Остается лишь сказать, что жестокость и массовый террор по отношению к собственным гражданам ни в коем случае не говорят о силе государства, скорее это свидетельство его слабости. И исторической обреченности...
Литература
1. Бегин М. В белые ночи. М.: АО «ЦИТП», 1993. 176 с.

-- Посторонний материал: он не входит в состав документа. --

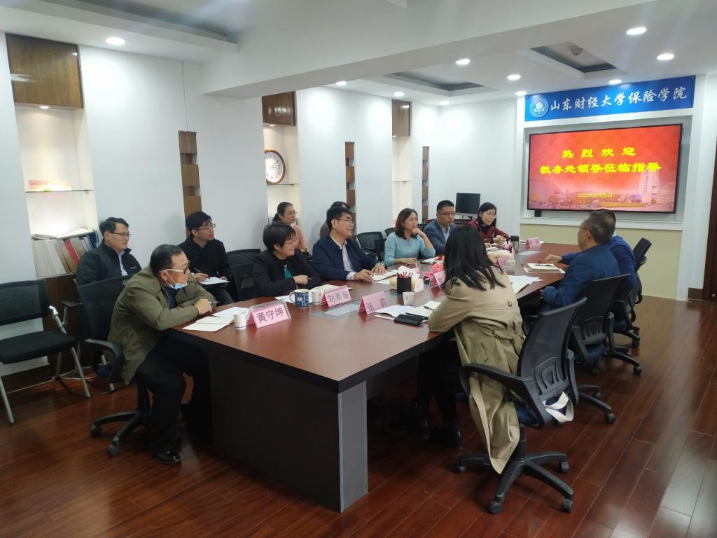 2021年10月29日,教务处陈保启处长、许滋坤副处长、张莉科长一行到赏金女王模拟器 调研。调研座谈会在学院会议室举行,葛永波院长、张娟副书记、刘素春副院长、于文广副院长以及系主任黄守坤、杜鹃、副主任付红、于新亮和教学秘书吕萍参加了座谈会。

2. Валентинов Н. Недорисованный портрет... М.: Терра, 1993. 558 с.
3. Гайсинский М. Свердлов. М.; Л.: Госиздат, 1929. 112 с. (Сер. «Вожди пролетариата».)

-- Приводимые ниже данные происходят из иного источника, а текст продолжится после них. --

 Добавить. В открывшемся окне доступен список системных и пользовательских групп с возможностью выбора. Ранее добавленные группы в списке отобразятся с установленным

4. Зеликсон-Бобровская Ц. Яков Михайлович Свердлов. М.: Госполитиздат, 1938. 72 с.
5. Инквизитор. Сталинский прокурор Вышинский. М.: Республика, 1992. 384 с.
6. Крупская Н. Мой муж Владимир Ленин. М.: Алгоритм, 2013. 430 с. (Сер. «Наследие кремлевских вождей».)
7. Ленин В.И. ПСС: В 55 т. 5-е изд. М.: Госполитиздат, 1958–1965. Т. 55: Письма к родным. 1893–1922. 618 с.
8. Лихачев Д.С. Воспоминания. СПб.: LOGOS, 2000. 608 с.
9. Пролетарская революция: исторический журнал Истпарта. М.; Л.: Госиздат, 1926. № 6 (53).
10. Репрессированная наука. Л.: Наука (Ленингр. отд.), 1991. 556 с.
11. Сванидзе М.С., Сванидзе Н.К. Исторические хроники с Николаем Сванидзе. 1913–1933: В 2 кн. СПб.: Амфора, 2008. Кн. 1. 440 с. (Сер. «История России».)
12. Свердлова К.Т. Яков Михайлович Свердлов: Воспоминания. М.: Молодая гвардия, 1939. 136 с.
13. Треппер Л. Большая игра. М.: Политиздат, 1990. 382 с.
14. Троцкий Л. Туда и обратно. М.: Изд. книжного магазина «Циолковский», 2017. 156 с.
15. Шамбаров В. Нашествие чужих: Заговор против империи. М.: Алгоритм, 2008. 608 с.
16. Штайнер К. 7000 дней в ГУЛАГе. М.: АСТ, 2023. 540 с. (Сер. «История в лицах и эпохах».)
17. Штурман Д. О вождях российского коммунизма: В 2 кн. М.: Русский путь, 1993. Кн. 1. 414 с.
[1] Здесь и далее ссылка на источник цитаты дана в скобках, с указанием его порядкового номера (см. Литература) и номера страницы.